Kosmetika sebagaimana penjelasan dari Peraturan Menteri Kesehatan (Permenkes) 1175/MENKES/PER/ VIII/2010 adalah bahan atau sediaan yang dimaksudkan untuk digunakan pada bagian luar tubuh manusia (epidermis, rambut, kuku, bibir dan organ genital bagian luar) atau gigi dan membran mukosa mulut terutama untuk membersihkan, mewangikan, mengubah penampilan dan atau memperbaiki bau badan atau melindungi atau memelihara tubuh pada kondisi baik.

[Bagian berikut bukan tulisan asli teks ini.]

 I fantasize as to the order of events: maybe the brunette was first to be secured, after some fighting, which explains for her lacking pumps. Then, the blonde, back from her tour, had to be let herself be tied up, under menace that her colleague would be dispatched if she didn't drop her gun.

Seluruh produk kosmetika yang beredar di pasaran harus memenuhi persyaratan izin produksi kosmetik terkait mutu, keamanan, dan kemanfaatannya. Pemerintah telah membuat regulasi untuk menjamin keamanan pengguna kosmetik khususnya dari sisi kesehatan.

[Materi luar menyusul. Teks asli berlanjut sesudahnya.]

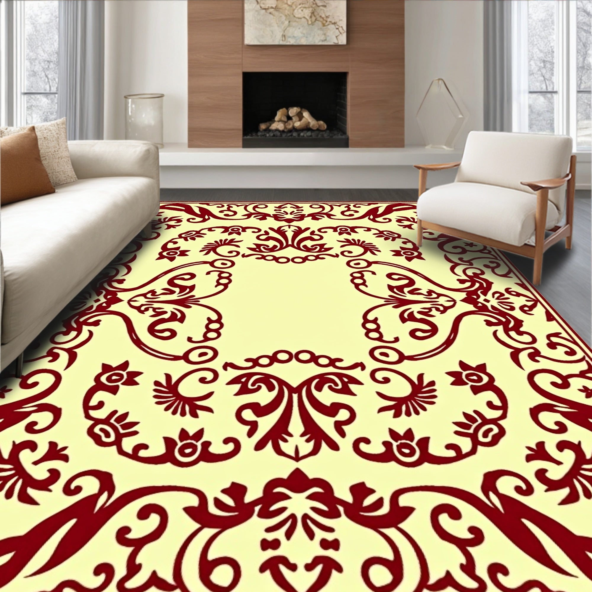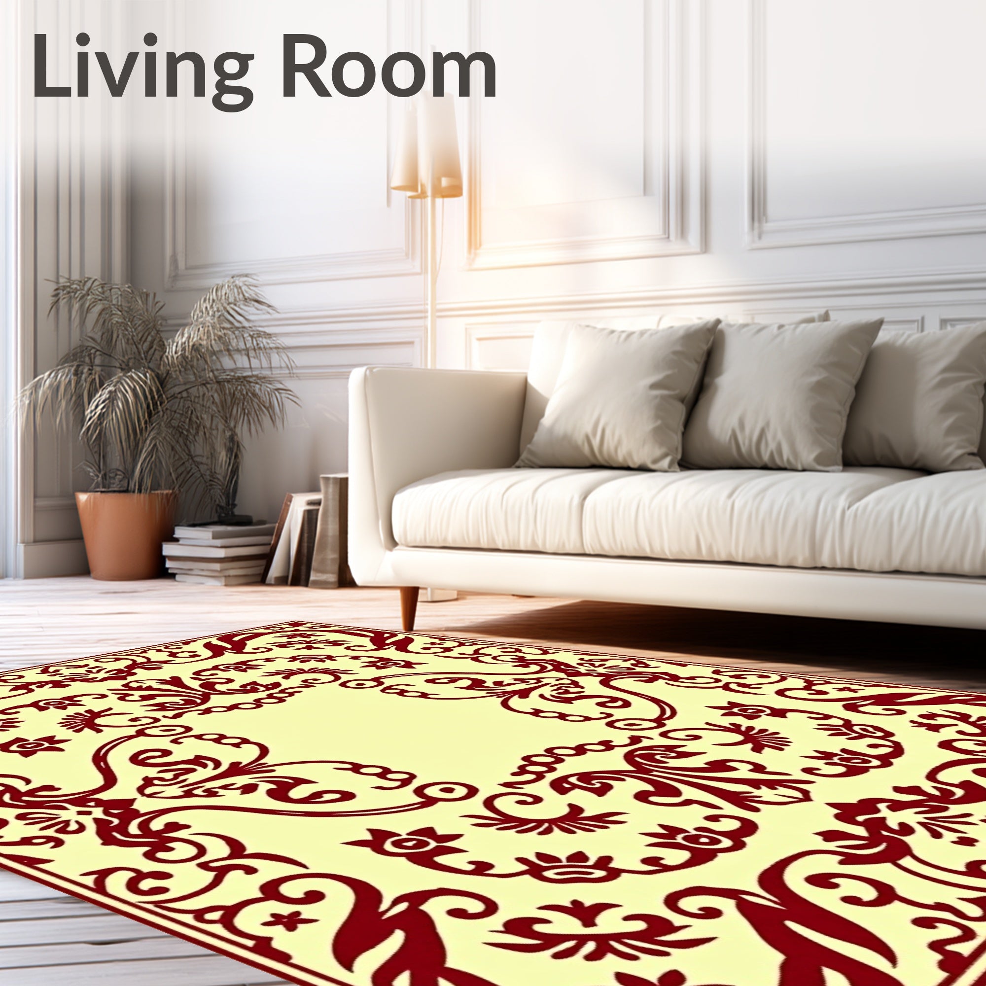 Ultra Soft Area Rug, Non Slip, Stain Resistant, Washable Area Rugs for Living Room, Bedroom, Damask Scroll Work Easy Clean Floor with Elegant Curves(Beige) Overview:

Dalam bisnis kosmetika dikenal istilah kosmetik lisensi yakni produk kosmetik yang diproduksi di wilayah Indonesia atas dasar penunjukan atau persetujuan tertulis dari pabrik induk di negara asalnya. Produk kosmetika dibuat oleh industri yang memiliki perizinan resmi dari Kementerian Kesehatan dan telah terdaftar di Badan Pengawas Obat dan Makanan (BPOM).
Permenkes Nomor 1175/Menkes/Per/VIII/2010 tentang Izin Produksi Kosmetika telah mengatur mutu, keamanan, dan kemanfaatan kosmetika. Pada Pasal 4 disebutkan, industri kosmetika yang akan membuat kosmetika harus memiliki izin produksi.

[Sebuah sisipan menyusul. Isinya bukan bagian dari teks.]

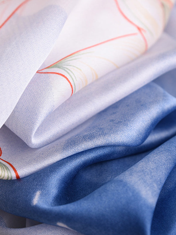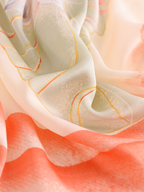 الأزهار القديمة المطبوعة حرير تقليد وشاح شال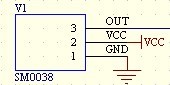 一般的紅外接收頭主要由集成電路外加阻容元件,紅外線接收管及濾波光片等組成,電路設(shè)計相對繁瑣,在實(shí)際應(yīng)用中不方便。而紅外遙控接收頭SM0038 集紅外接收管,前置放大解調(diào)等于一體,無外部電路,體積小,密封性好,靈敏度高,應(yīng)用簡單,用小功率紅外發(fā)射管發(fā)射信號接收距離達(dá)35 米,并且價格低廉。它僅有三條管腳,分別是電源正極、電源負(fù)極以及信號輸出端,其工作電壓在5V 左右,接收頻率為38kHz,它的主要功能包括放大,選頻,解調(diào)幾大部分,要求輸入信號需是已經(jīng)被調(diào)制的信號。從而使電路達(dá)到最簡化,靈敏度和抗干擾性都非常好,是一個接收紅外信號的理想裝置。如圖5 所示:

Untuk mengurus perizinan produksi kosmetika, dokumen apa saja yang dibutuhkan?
Pertama, KTP jajaran komisaris, direksi, dan/atau pimpinan perusahaan
Kedua, NPWP
Ketiga, Surat pernyataan komisaris, direksi, dan/atau pimpinan perusahaan yang tidak pernah terlibat tindak pidana khususnya di bidang kosmetika.
Keempat, Kelima, Sertifikat CPKB/Rekomendasi penerapan CPKB/ Surat izin produksi kosmetika dan surat pernyataan penerapan CPKB.
Keenam, SIUP/NIB atas badan usaha
Ketujuh, Surat pernyataan hak atas merek, sertifikat atau formulir pendaftaran merek jika ada.
Kosmetika yang beredar harus memenuhi persyaratan mutu, keamanan, dan kemanfaatan. Seperti yang telah tercantum dalam Pasal 3 Peraturan Menteri Kesehatan Republik Indonesia Nomor 1175/Menkes/Per/Viii/2010 bahwa “Pembuatan kosmetika hanya dapat dilakukan oleh industri kosmetika” dan dijelaskan kembali pad Pasal 4 Bahwa “(1) Industri kosmetika yang akan membuat kosmetika harus memiliki izin produksi. (2) Izin produksi sebagaimana dimaksud pada ayat (1) diberikan oleh Direktur Jenderal”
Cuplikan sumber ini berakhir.